### DATA EXTRACTS
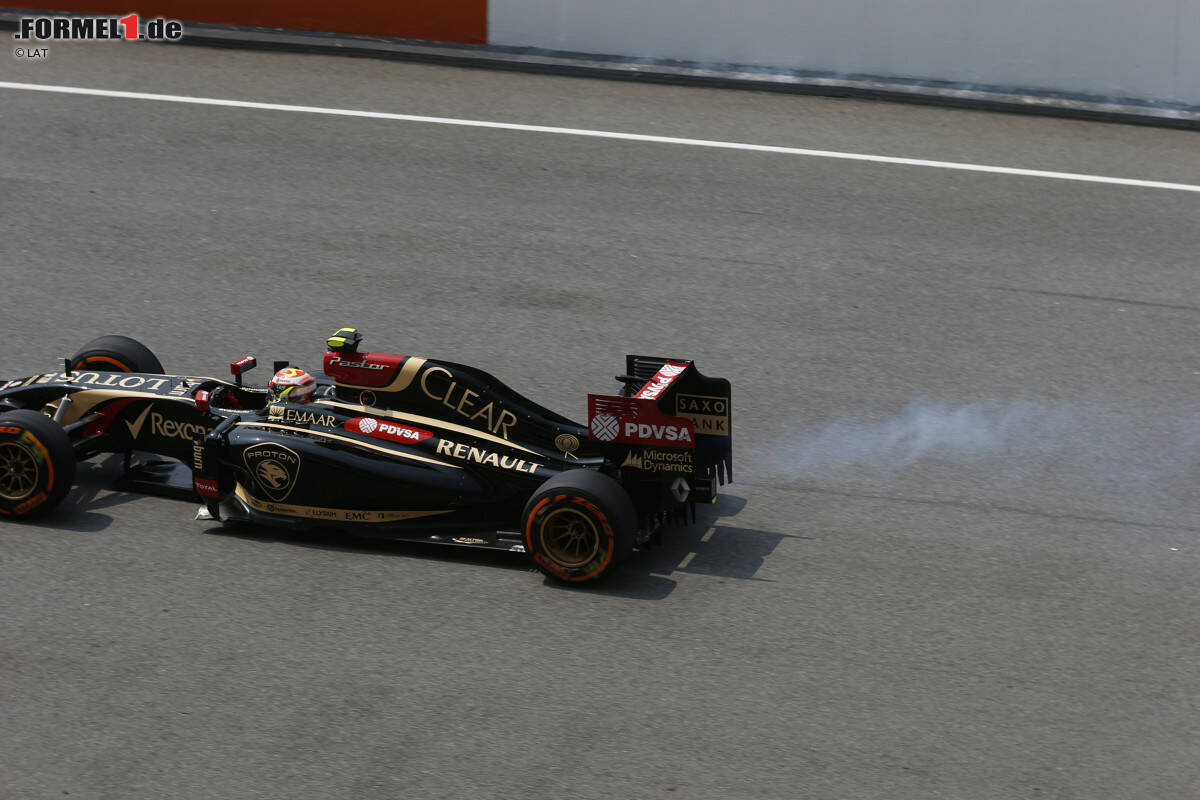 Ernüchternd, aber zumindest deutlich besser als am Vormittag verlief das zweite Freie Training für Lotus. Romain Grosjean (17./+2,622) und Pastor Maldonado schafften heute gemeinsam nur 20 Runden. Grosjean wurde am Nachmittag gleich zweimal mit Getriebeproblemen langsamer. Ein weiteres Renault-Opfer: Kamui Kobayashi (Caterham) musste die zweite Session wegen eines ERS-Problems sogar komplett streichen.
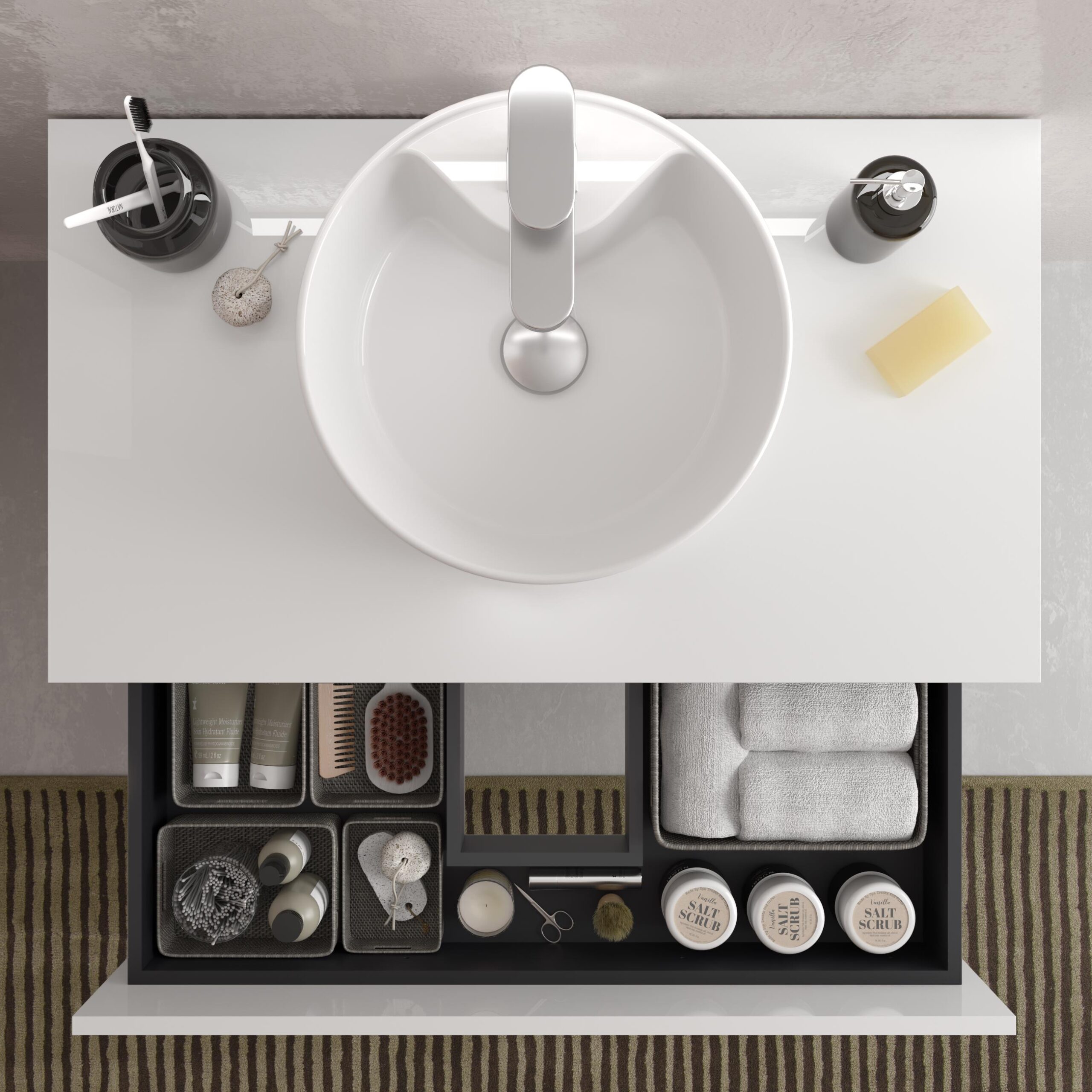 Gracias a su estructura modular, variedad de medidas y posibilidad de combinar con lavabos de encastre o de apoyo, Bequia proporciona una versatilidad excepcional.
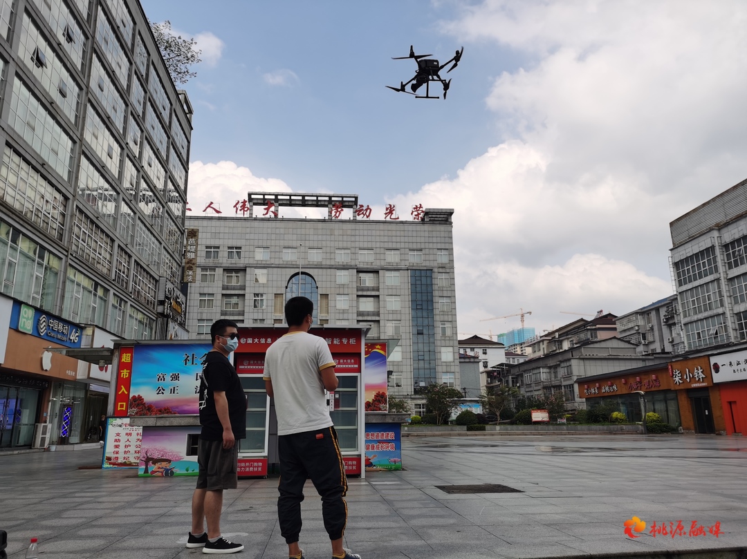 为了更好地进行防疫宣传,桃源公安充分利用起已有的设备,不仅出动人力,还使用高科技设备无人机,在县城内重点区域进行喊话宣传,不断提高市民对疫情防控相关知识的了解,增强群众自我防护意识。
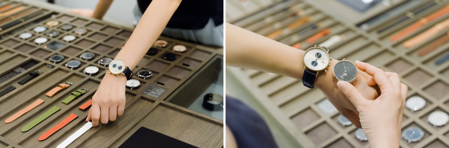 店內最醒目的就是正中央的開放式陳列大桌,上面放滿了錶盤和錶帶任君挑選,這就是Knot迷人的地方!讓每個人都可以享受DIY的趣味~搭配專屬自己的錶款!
==
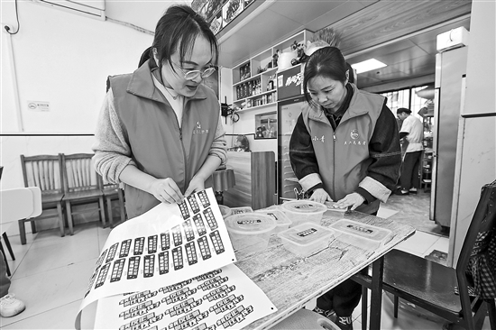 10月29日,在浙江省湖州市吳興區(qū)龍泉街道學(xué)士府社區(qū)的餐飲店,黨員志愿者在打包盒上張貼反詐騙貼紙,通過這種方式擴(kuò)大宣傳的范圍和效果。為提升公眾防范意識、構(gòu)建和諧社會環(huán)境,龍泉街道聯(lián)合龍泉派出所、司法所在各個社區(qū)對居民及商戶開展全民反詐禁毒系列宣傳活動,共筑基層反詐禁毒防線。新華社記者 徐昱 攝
==
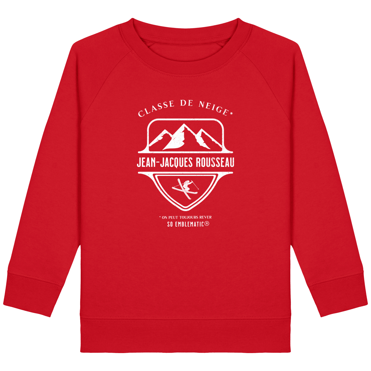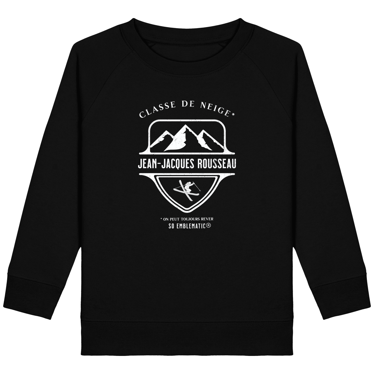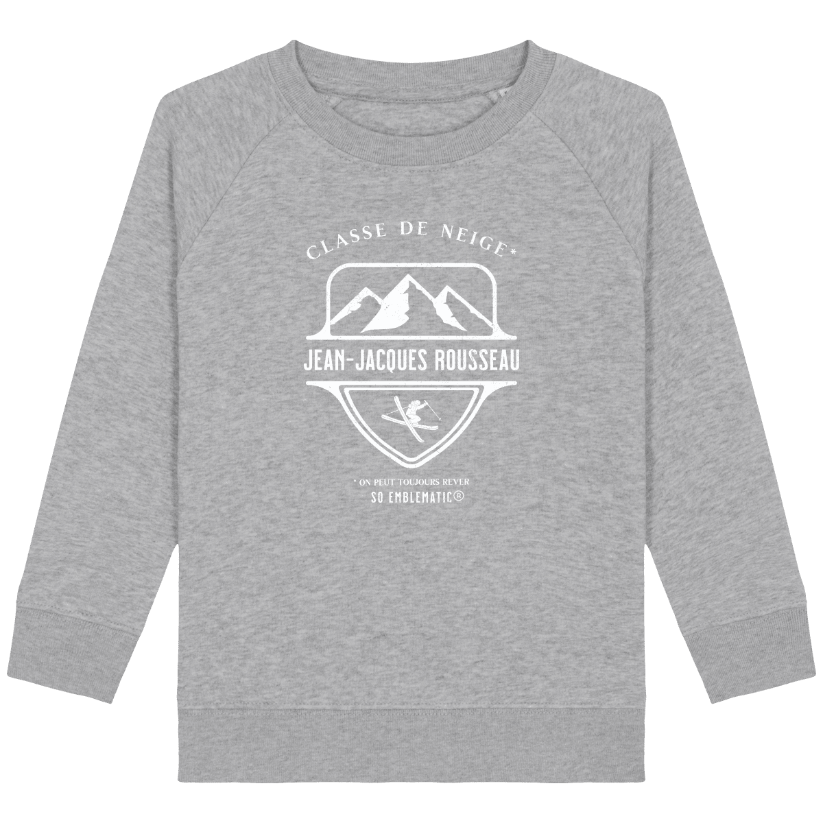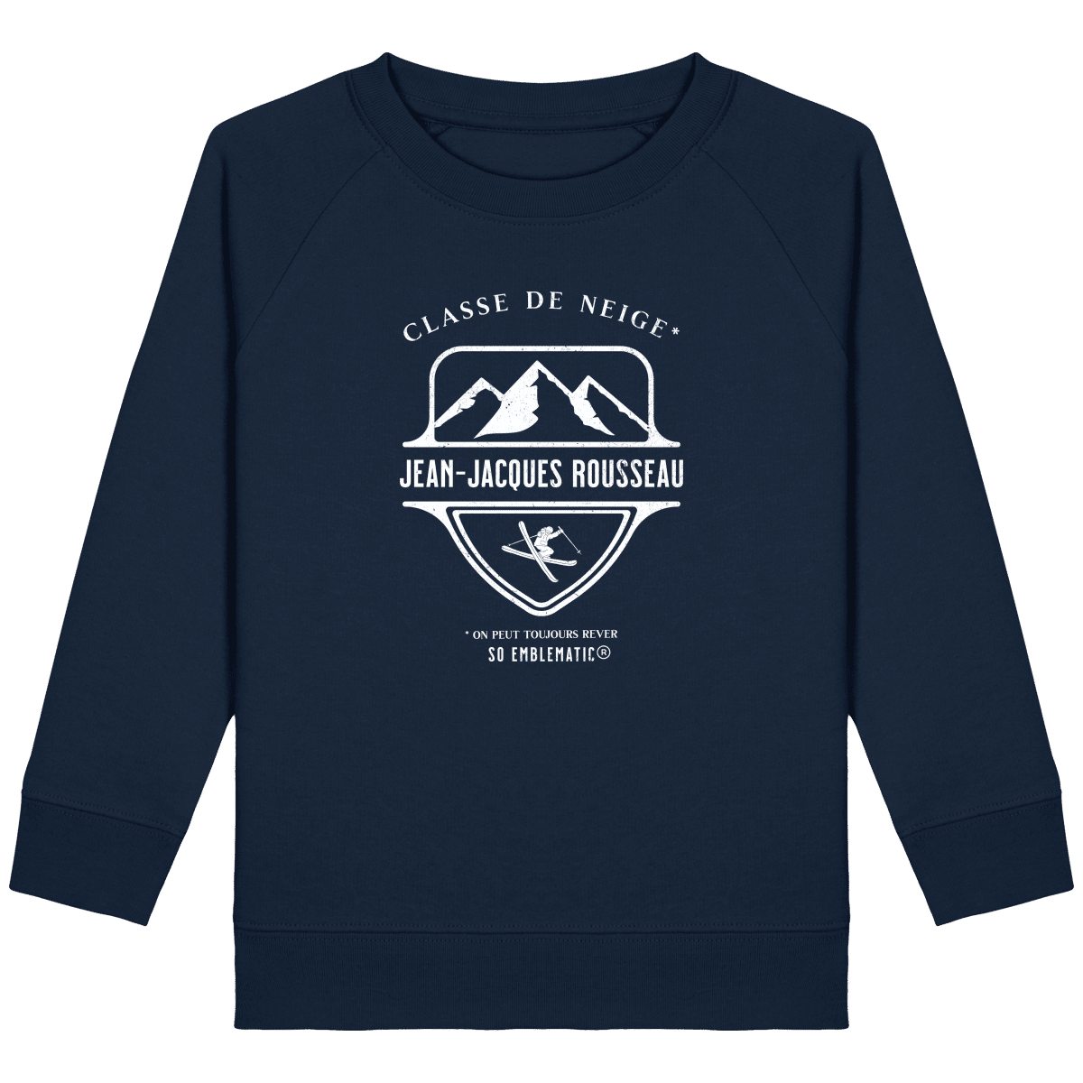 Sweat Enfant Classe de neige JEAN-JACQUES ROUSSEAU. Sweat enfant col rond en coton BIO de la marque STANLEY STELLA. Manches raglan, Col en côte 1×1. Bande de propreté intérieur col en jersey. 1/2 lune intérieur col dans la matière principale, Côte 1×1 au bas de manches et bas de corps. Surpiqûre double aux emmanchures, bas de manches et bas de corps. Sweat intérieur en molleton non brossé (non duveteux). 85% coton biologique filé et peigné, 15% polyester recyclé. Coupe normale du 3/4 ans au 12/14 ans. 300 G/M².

### WHAT TO WORK ON
Reproduce, word for word, only the lines in the records above from the line with "Gracias a su" through the line with "店內最醒目的就是正中央的開放", including both ends; omit the pictures.

### ANSWER TO THIS TASK
 Gracias a su estructura modular, variedad de medidas y posibilidad de combinar con lavabos de encastre o de apoyo, Bequia proporciona una versatilidad excepcional.
 为了更好地进行防疫宣传,桃源公安充分利用起已有的设备,不仅出动人力,还使用高科技设备无人机,在县城内重点区域进行喊话宣传,不断提高市民对疫情防控相关知识的了解,增强群众自我防护意识。
 店內最醒目的就是正中央的開放式陳列大桌,上面放滿了錶盤和錶帶任君挑選,這就是Knot迷人的地方!讓每個人都可以享受DIY的趣味~搭配專屬自己的錶款!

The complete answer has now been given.